Stando all'analisi contenuta nel rapporto dal titolo "Toward solutions for youth unemployment", i datori di lavoro a livello globale non cercano solo capacità tecniche o accademiche, ma anche lavoratori che siano aperti, responsabili e organizzati, ponendo l'attenzione al fatto che spesso i giovani lavoratori sono troppo o troppo poco qualificati. «Nelle economie emergenti che stanno diventando progressivamente sempre più basate sui servizi, i datori di lavoro trovano una popolazione di forza lavoro che manca delle abilità necessarie, mentre altrove il problema è che molti disoccupati sono in possesso di un grado di educazione molto elevato, ma il mercato richiede competenze diverse, spesso tecniche o vocazionali», scrive la Banca mondiale.

Il problema però è enorme, perché in gioco c'è il futuro dell'economia globale, visto che schiere sempre maggiori di giovani senza lavoro e senza stipendio formano eserciti di milioni di nuovi e potenziali poveri, ma il problema è anche un altro. Ovvero, ritardando il loro ingresso nella forza lavoro o accettando lavori a bassa retribuzione, i giovani rischiano di limitare il loro potenziale di guadagno nel corso della vita lavorativa. Più prosaicamente, poi, se i giovani non lavorano, non pagano le tasse ai governi e non acquistano i beni che il mercato vuole vendere: insomma, il mondo sta scherzando con il fuoco del suo futuro. 
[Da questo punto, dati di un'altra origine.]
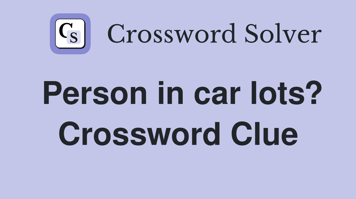 Person in car lots? Crossword Clue Answers Crossword Solver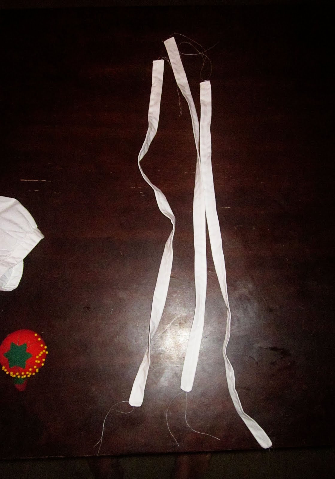 1. Cut 2 inch strips of any fabric you want to make the ruffles from. I cut 6 strips.2. With right sides facing fold the strip in half (hot dog) and sew down one end and the side. Then turn the strip right side out using a pencil or end of a wooden spoon.

Per concludere, la Banca mondiale sottolinea che «i costi sociali stanno già oggi salendo, ciò che stiamo vedendo è una generazione in totale crisi economica e senza prospettive. Non dare risposte potrebbe non solo creare un danno all'economia ma anche alimentare estremismo giovanile, rivolte sociali e tensioni etniche». Insomma, se siamo furbi cominciano a guardare meno a Borsa e finanza e torniamo al lavoro, la vera base di una società giusta e sostenibile nella crescita. Prima che sia tardi.